Over the last part of 2007, the Pierce County detectives were almost positive that he was the homicide victim. However, they had to wait for the FBI lab tests to come back.

And the more they investigated Renee, the more suspects they uncovered.

By that time, they had learned a great deal more about the violent background of Nick Notaro, Renee and Cassie’s adopted brother.

Chapter Ten
 

Nick Notaro
, who was thirty at the time, had had a remarkably busy week in late September 1978. If he had been all the places people said he had, his activities between September 18 and September 23 would have required a superman. Nick was a huge man, well over six feet, and closer to three hundred pounds than two hundred. The old records from Alaska showed that he entered the Fairbanks Memorial Hospital on Monday—the eighteenth—to have his festering appendix removed. Dr. J. K. Johnson was the surgeon who operated, and Nick recovered without incident. He was released earlier than the hospital advised, on Thursday, the twenty-first.

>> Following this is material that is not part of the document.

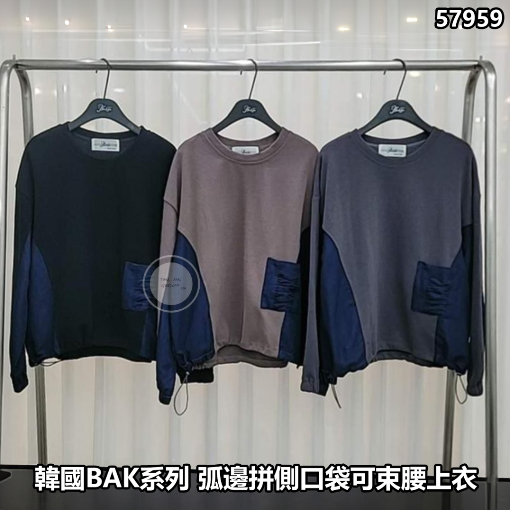 韓國BAK系列 弧邊拼側口袋可束腰上衣【買滿5件包郵 | 4件或以上每件-$10 | 14/12截單 | 預計1月中至尾到貨 | 20251209C(57959)】

And Nick was also one of the family members who witnesses remembered being at the birthday barbecue Renee threw on Saturday, September 23.

Ben Benson traveled far in his search for Joe Tarricone’s last moments: New Mexico, Maryland, Oregon, and now—Alaska. The Alaska State Police in Anchorage had
assured him on the phone that their old records on Nick Notaro still existed, and they believed there was physical evidence, too.